Investasi Asing di Pulau Kecil
Arif Satria ;  Dekan Fakultas Ekologi Manusia IPB
                                                      KOMPAS, 24 Januari 2017

                                                                                                                                                           
                                                                                                                                                           

Isu ”penyewaan” pulau kembali mengemuka setelah ada berita rencana pemanfaatan pulau di Morotai oleh investor Jepang. Bagaimana kita menyikapi isu tersebut dan langkah apa yang diperlukan?

Keinginan pemerintah melibatkan pihak asing untuk mengelola pulau-pulau kecil sempat memunculkan polemik dan kekhawatiran publik. Kasus pulau di Morotai itu sendiri satu dari sejumlah kasus pemanfaatan pulau kecil oleh investor asing yang menarik dicermati.
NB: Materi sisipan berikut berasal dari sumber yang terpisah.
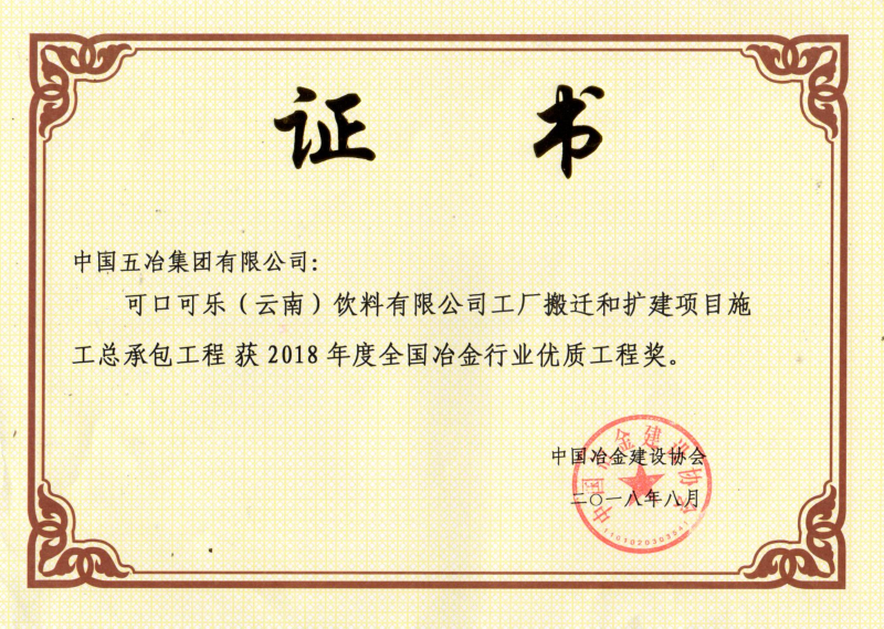 可口可乐(云南)饮料有限公司工厂搬迁和扩建项目施工总承包工程荣获2018年度全国冶金行业优质工程奖

Secara faktual kita memang perlu wisatawan mancanegara dan wisata bahari merupakan sektor yang sangat menjanjikan secara ekonomi, baik untuk ekonomi lokal berupa penciptaan lapangan kerja maupun secara nasional untuk memperbaiki kondisi fiskal, baik pajak maupun pendapatan negara bukan pajak (PNBP).

Meski demikian, ternyata ada juga sejumlah kekhawatiran publik, seperti kekhawatiran bakal terciptanya enklave (enclaves) akibat investasi asing yang menjurus pada ”privatisasi” pulau yang menutup akses publik. Hal ini berakibat pada muculnya pesimisme terhadap peran investasi untuk kesejahteraan masyarakat lokal. Bagaimana kita menyikapi isu tersebut dan langkah apa yang diperlukan?

Regulasi

Ada dua rezim yang bisa digunakan untuk menganalisis pemanfaatan pulau kecil oleh asing, yaitu rezim perairan dan pertanahan.

Pertama, Undang-Undang Nomor 1 Tahun 2014 sebagai revisi atas UU Nomor 27 Tahun 2007 tentang Pengelolaan Wilayah Pesisir dan Pulau-pulau Kecil sebagai rujukan utama untuk rezim perairan. UU tersebut tidak mengenal istilah ”penyewaan”. Yang ada adalah istilah pemanfaatan. Pasal 26 a sebenarnya sudah mengatur pemanfaatan pulau kecil oleh pihak asing dengan ketentuan mendapat izin dari menteri dan rekomendasi dari pemda dengan tetap menjaga kepentingan nasional.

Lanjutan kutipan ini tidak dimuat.